Plan on spending several hours so that you can explore the railway ramp where internees debarked, the excavations of former barracks, the sites of the former SS camp, delousing station, the tent camp of August-November 1944 that held more than 8,000 girls and women from Auschwitz-Birkenau as well as several memorials erected on the premises.
The picturesque town of Celle, with its hundreds of half-timbered houses and magnificent Ducal palace, is near Bergen-Belsen and is a great place to spend the night. The synagogue at Im Kreise 23-24 (49-58-1971-2584), which dates from around 1740, has been restored and houses small exhibits about the Jewish community’s history.
For an alternative side trip, consider the World Heritage port city of Lübeck, 40 miles northeast of Hamburg. Lübeck is famous for its redbrick Gothic architecture, Holsten Gate dating to 1477, enclosed town square, historic alleyways, marzipan and unique red wine known as Rotspon. The birthplace of novelist Thomas Mann, whose wife was Jewish, Lübeck has a small Jewish population that has been growing with the influx of Russian Jews. Stop by the red-brick synagogue at St.Annen-Strasse 13 in the Old Town. And treat yourself to coffee and marzipan at the Café Niederegger at Breite Strasse 89 with its upstairs marzipan museum.
Pharmacist Oscar Troplowitz bought the Beiersdorf pharmaceutical laboratory in Hamburg in 1890 and expanded it into a modern pharmaceutical and cosmetics group, whose brands include Nivea.
Curious George has delighted children since his first book appeared in 1941. His creators were Jews: Hans Augusto Rey, who grew up near the Hagenbeck Zoo, and his wife, Margarete Elisabeth Waldstein Rey, also a Hamburg native. By the time of George’s genesis they lived in Paris and later fled to the United States, a journey recounted in the book The Journey That Saved Curious George: The Wartime Escape of Margret and H.A. Rey by Louise Borden (Houghton Mifflin).
The Memoirs of Glueckel of Hameln (Schocken), which dates from 1690, is a unique chronicle written by a widowed German Jew, a businesswoman and mother of 14, who lived in Altona and Hamburg and traveled around Germany.
Business journalist Ron Chernow creates a riveting portrait of the German Jewish banking family in The Warburgs: The Twentieth-Century Odyssey of a Remarkable Jewish Family (Vintage).
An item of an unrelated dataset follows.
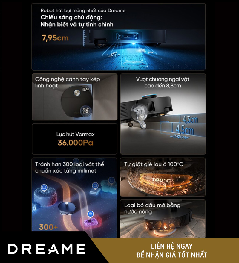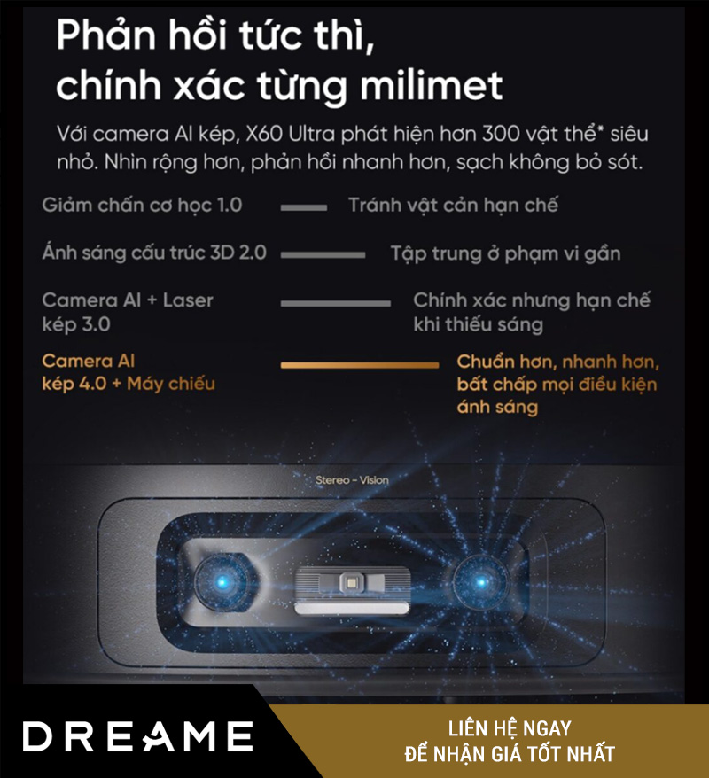 | Công nghệ tránh vật cản | AI Camera kép + Đèn LED + Cảm biến ánh sáng 3D Lateral |

Monique Charlesworth’s The Children’s War (Anchor) interweaves the Holocaust story of half-Jewish Ilse Blumenthal, a teenager who flees the Nazis in Paris, Marseilles and Cannes, with that of teenager Nicolai of Hamburg, where Ilse’s Aryan mother, Lore, is the family’s nursemaid.
Thomas Mann’s Buddenbrooks (Everyman’s Library), which follows the decline of a north German mercantile family, is set in Lübeck but also has scenes in Hamburg.
In addition to Chabad, the department store Galeria Kaufhof (Mönckebergstrasse 3; www.galeria-kaufhof.de) stocks a small amount of kosher food. To arrange for kosher meals brought to a hotel, contact Catering Zach (49-178-519-3384). Café Leonar (Grindelhof 59;www.cafeleonar.de) near the Gemeinde building offers Jewish cultural programming, sells books and serves Jewish-style dishes.
For a luxurious downtown hotel, head for the Hotel Atlantic Kempinski overlooking Lake Alster (An der Alster 72-79;www.kempinski.atlantic.de), which opened in 1909 as the “Grand Hotel” for passengers with bookings on luxury ocean liners.
If you continue on to Celle after Bergen-Belsen, try the Fürstenhof hotel (Hannoversche Strasse 55/56; www.fuerstenhof-celle.com), located in a 17th-century Baroque palace.
Hamburg’s harbor was the gateway for so many turn-of-the-century Jews on their way to new lives. Come to this port city to learn about their time here and about the Jewish community that was flourishing then—and now.